Action item:
Below this sentence is a listing; return exactly its lines from the one with "Сокращение конечных остатков" to the one with "Introducing the Continental", both kept, and nothing more.

-- Data in this exercise follows --

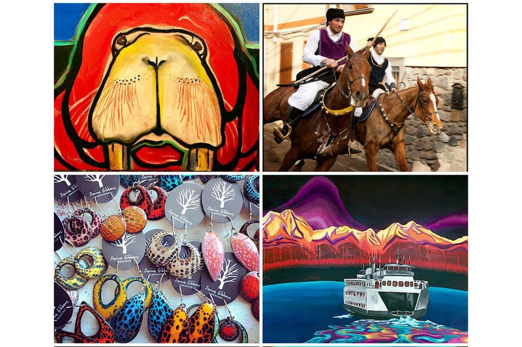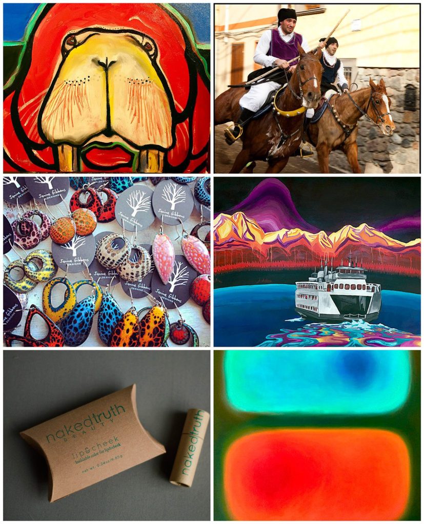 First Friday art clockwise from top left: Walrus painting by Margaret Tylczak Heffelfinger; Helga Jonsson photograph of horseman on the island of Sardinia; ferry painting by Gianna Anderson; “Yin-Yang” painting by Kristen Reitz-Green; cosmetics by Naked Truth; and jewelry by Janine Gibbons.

-- Data in this exercise concluded --
-- Data in this exercise follows --

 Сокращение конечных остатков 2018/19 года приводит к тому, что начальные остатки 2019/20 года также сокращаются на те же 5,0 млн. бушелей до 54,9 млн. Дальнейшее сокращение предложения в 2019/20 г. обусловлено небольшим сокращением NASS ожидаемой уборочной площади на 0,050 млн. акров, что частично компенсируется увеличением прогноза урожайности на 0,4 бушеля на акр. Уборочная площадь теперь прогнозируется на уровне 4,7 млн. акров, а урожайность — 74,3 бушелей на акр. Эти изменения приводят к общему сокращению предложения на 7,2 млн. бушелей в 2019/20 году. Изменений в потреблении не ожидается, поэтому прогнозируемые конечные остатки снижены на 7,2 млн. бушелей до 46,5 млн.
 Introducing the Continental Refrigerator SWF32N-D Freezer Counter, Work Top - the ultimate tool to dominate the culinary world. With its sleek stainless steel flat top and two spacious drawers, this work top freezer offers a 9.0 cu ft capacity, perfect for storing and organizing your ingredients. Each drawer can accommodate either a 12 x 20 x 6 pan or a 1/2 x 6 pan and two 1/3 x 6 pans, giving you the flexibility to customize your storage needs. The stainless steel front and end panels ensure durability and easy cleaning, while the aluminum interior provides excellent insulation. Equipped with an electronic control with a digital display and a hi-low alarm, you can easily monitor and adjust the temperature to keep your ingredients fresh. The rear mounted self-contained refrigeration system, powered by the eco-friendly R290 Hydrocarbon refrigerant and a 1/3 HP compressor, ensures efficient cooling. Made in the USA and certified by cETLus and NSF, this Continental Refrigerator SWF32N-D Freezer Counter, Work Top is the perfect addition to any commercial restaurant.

-- Data in this exercise concluded --

Reply:
 Сокращение конечных остатков 2018/19 года приводит к тому, что начальные остатки 2019/20 года также сокращаются на те же 5,0 млн. бушелей до 54,9 млн. Дальнейшее сокращение предложения в 2019/20 г. обусловлено небольшим сокращением NASS ожидаемой уборочной площади на 0,050 млн. акров, что частично компенсируется увеличением прогноза урожайности на 0,4 бушеля на акр. Уборочная площадь теперь прогнозируется на уровне 4,7 млн. акров, а урожайность — 74,3 бушелей на акр. Эти изменения приводят к общему сокращению предложения на 7,2 млн. бушелей в 2019/20 году. Изменений в потреблении не ожидается, поэтому прогнозируемые конечные остатки снижены на 7,2 млн. бушелей до 46,5 млн.
 Introducing the Continental Refrigerator SWF32N-D Freezer Counter, Work Top - the ultimate tool to dominate the culinary world. With its sleek stainless steel flat top and two spacious drawers, this work top freezer offers a 9.0 cu ft capacity, perfect for storing and organizing your ingredients. Each drawer can accommodate either a 12 x 20 x 6 pan or a 1/2 x 6 pan and two 1/3 x 6 pans, giving you the flexibility to customize your storage needs. The stainless steel front and end panels ensure durability and easy cleaning, while the aluminum interior provides excellent insulation. Equipped with an electronic control with a digital display and a hi-low alarm, you can easily monitor and adjust the temperature to keep your ingredients fresh. The rear mounted self-contained refrigeration system, powered by the eco-friendly R290 Hydrocarbon refrigerant and a 1/3 HP compressor, ensures efficient cooling. Made in the USA and certified by cETLus and NSF, this Continental Refrigerator SWF32N-D Freezer Counter, Work Top is the perfect addition to any commercial restaurant.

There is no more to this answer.